- **ASSIGNMENT**
Set down, word for word, every line of the material below from the one containing "艺术家加工天山大峡谷的红色黏土颜料 ©艺术家 ©INKstudio" through the one containing "2025 Yamaha MT03 OEM Parts", but none of its pictures.

- **EXERCISE INPUTS**

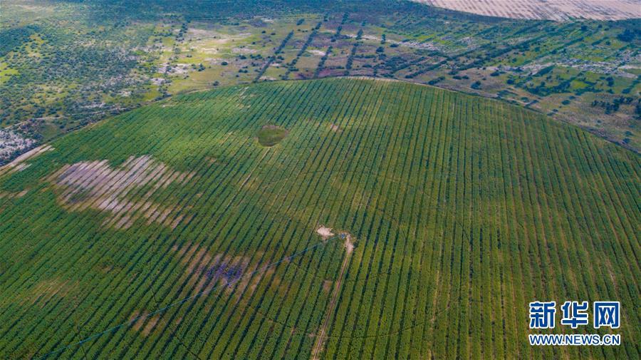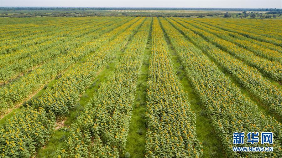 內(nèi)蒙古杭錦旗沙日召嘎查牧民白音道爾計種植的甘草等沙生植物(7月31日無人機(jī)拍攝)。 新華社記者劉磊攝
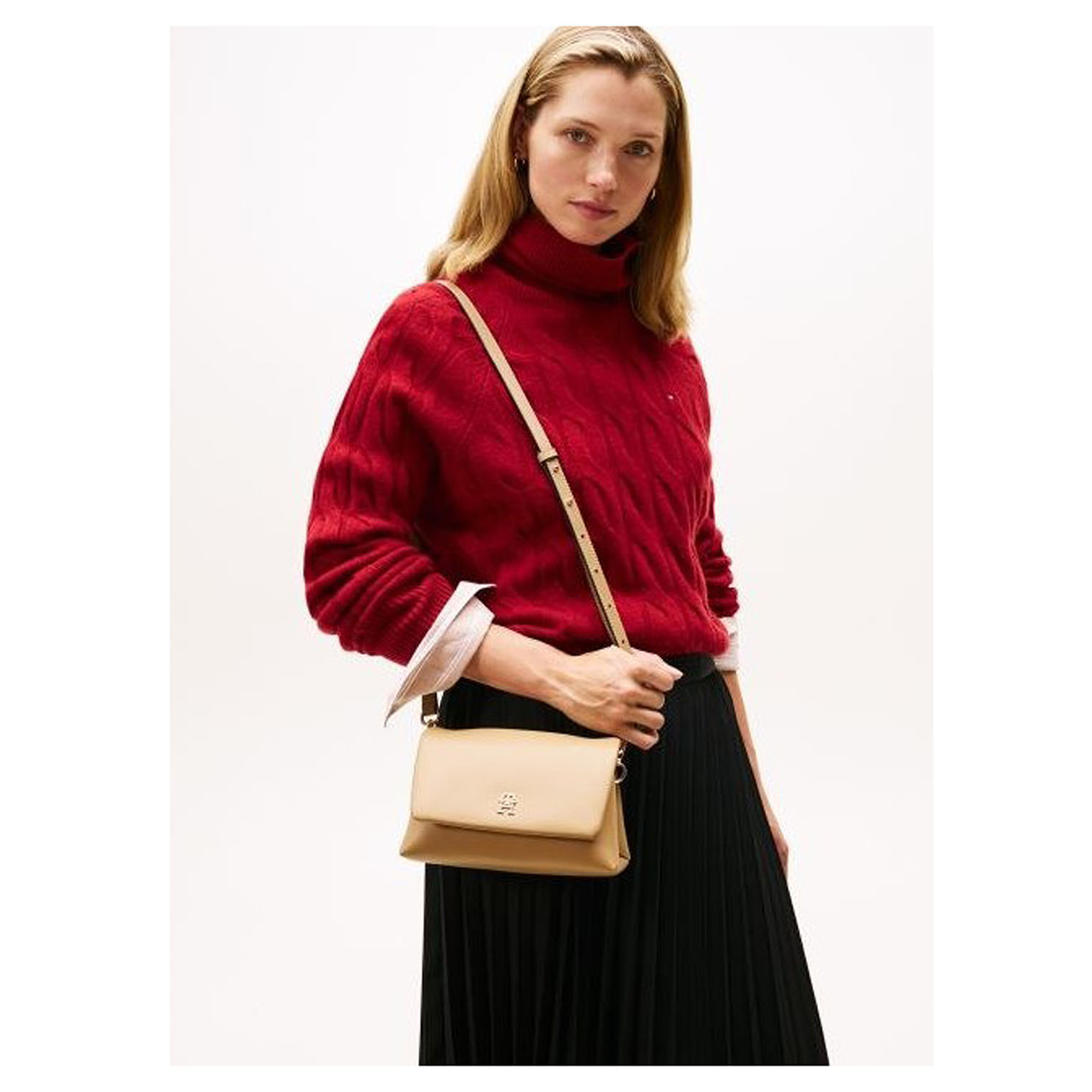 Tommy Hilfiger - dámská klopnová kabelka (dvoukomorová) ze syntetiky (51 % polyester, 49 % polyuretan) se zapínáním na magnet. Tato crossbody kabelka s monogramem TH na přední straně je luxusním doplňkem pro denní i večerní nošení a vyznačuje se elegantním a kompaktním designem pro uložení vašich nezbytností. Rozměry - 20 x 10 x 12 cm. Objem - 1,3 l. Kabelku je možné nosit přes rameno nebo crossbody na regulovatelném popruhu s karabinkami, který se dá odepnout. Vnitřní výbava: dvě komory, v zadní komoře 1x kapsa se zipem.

==

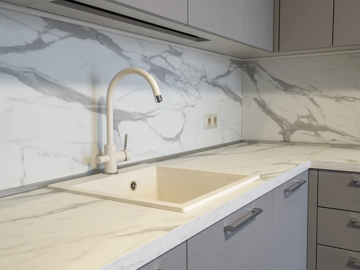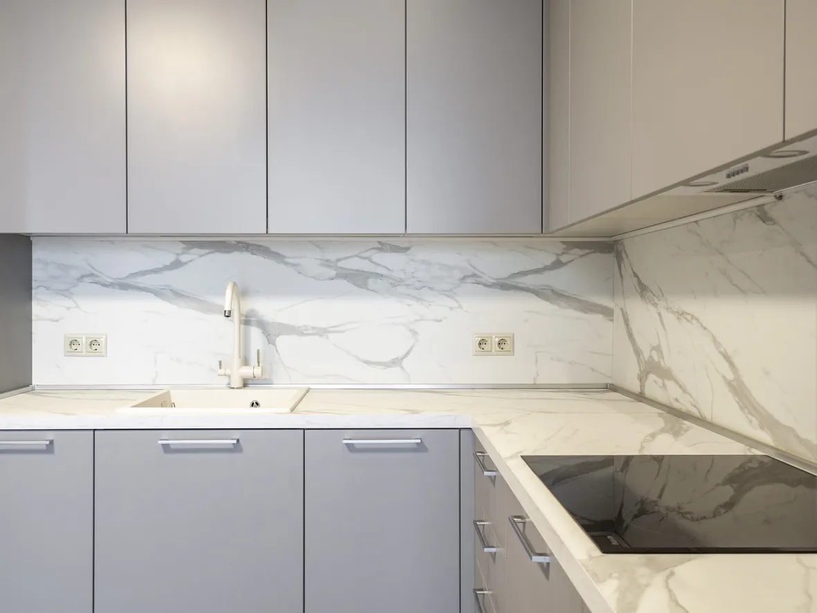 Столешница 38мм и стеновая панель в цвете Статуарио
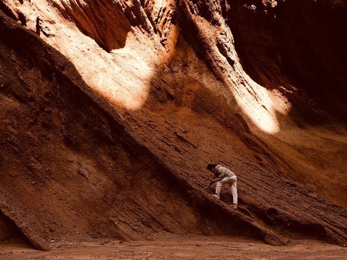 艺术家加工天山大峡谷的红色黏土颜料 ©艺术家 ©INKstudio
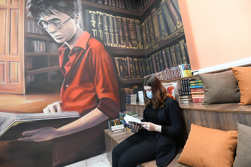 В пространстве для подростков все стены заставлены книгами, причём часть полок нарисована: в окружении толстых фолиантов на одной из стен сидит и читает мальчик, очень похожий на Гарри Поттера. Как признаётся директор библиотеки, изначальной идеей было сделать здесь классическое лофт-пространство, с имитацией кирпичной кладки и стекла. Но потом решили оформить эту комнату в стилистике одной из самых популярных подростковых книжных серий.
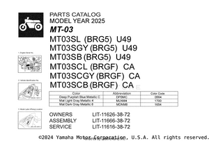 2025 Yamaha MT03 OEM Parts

---

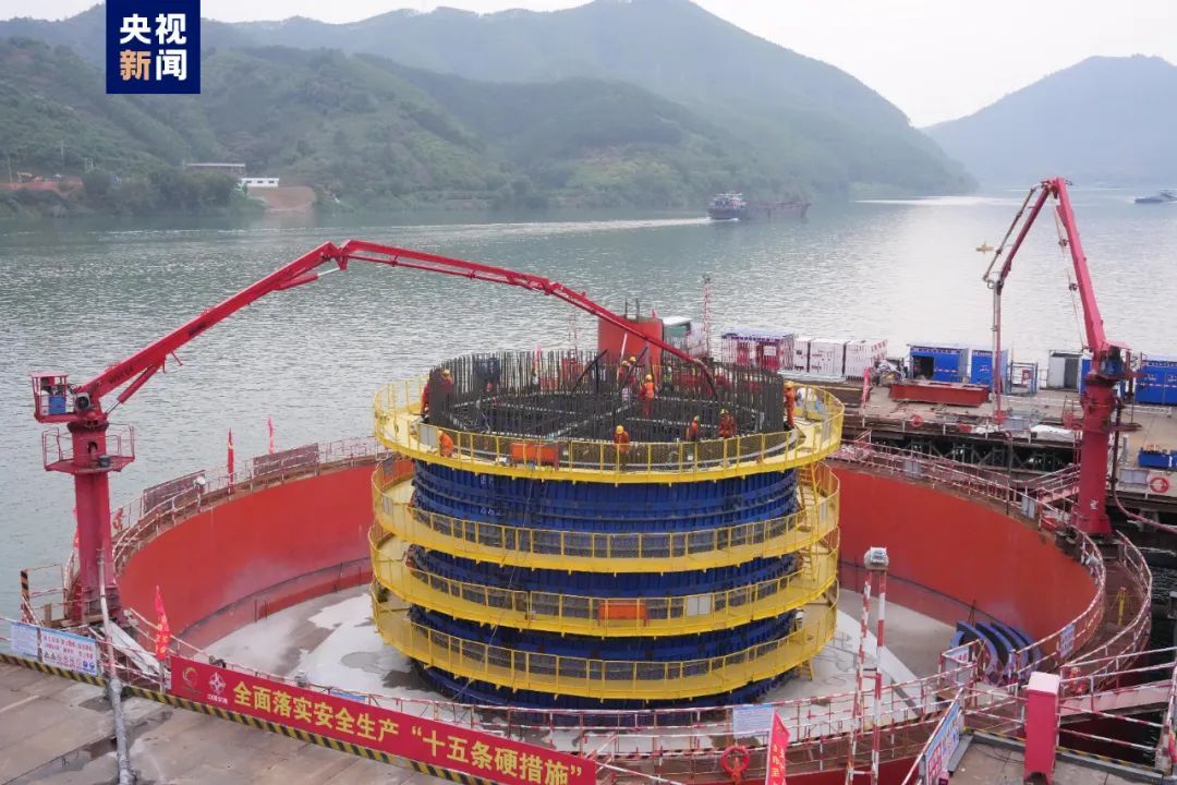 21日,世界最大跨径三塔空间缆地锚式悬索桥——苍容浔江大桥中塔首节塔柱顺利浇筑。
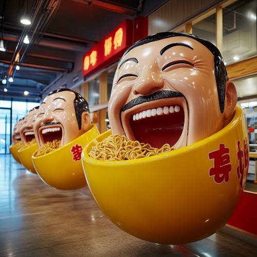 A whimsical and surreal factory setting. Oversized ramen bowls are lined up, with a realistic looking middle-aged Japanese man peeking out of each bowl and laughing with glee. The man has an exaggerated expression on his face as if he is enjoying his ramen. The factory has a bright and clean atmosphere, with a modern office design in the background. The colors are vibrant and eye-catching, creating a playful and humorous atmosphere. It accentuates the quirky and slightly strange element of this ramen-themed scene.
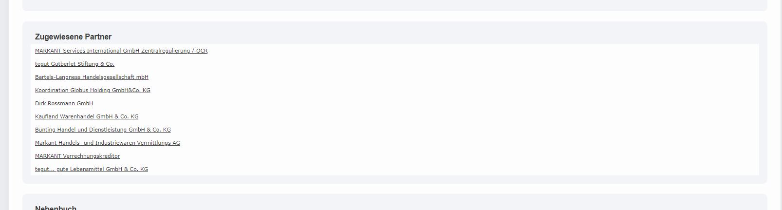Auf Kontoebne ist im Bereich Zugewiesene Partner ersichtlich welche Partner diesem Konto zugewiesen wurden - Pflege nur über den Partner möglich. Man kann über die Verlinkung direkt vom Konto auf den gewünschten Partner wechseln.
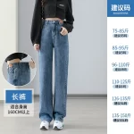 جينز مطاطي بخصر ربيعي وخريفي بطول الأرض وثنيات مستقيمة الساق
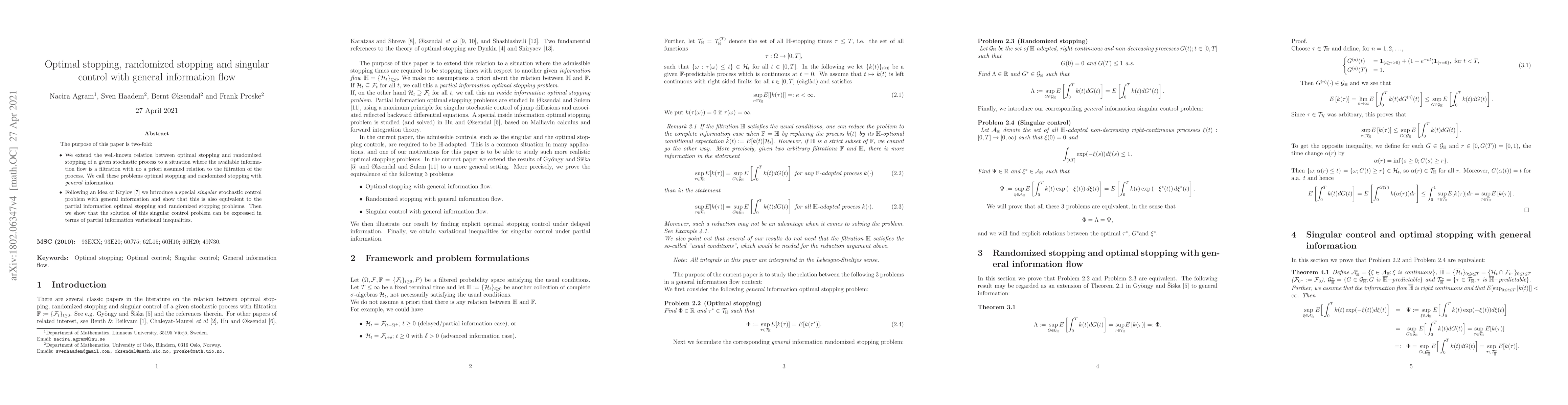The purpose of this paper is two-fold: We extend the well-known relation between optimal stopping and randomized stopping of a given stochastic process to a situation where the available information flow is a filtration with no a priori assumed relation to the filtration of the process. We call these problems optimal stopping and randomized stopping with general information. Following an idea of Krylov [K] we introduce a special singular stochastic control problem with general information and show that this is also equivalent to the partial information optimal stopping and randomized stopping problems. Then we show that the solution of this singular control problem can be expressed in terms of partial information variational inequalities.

- **EXERCISE ANSWER**
 艺术家加工天山大峡谷的红色黏土颜料 ©艺术家 ©INKstudio
 В пространстве для подростков все стены заставлены книгами, причём часть полок нарисована: в окружении толстых фолиантов на одной из стен сидит и читает мальчик, очень похожий на Гарри Поттера. Как признаётся директор библиотеки, изначальной идеей было сделать здесь классическое лофт-пространство, с имитацией кирпичной кладки и стекла. Но потом решили оформить эту комнату в стилистике одной из самых популярных подростковых книжных серий.
 2025 Yamaha MT03 OEM Parts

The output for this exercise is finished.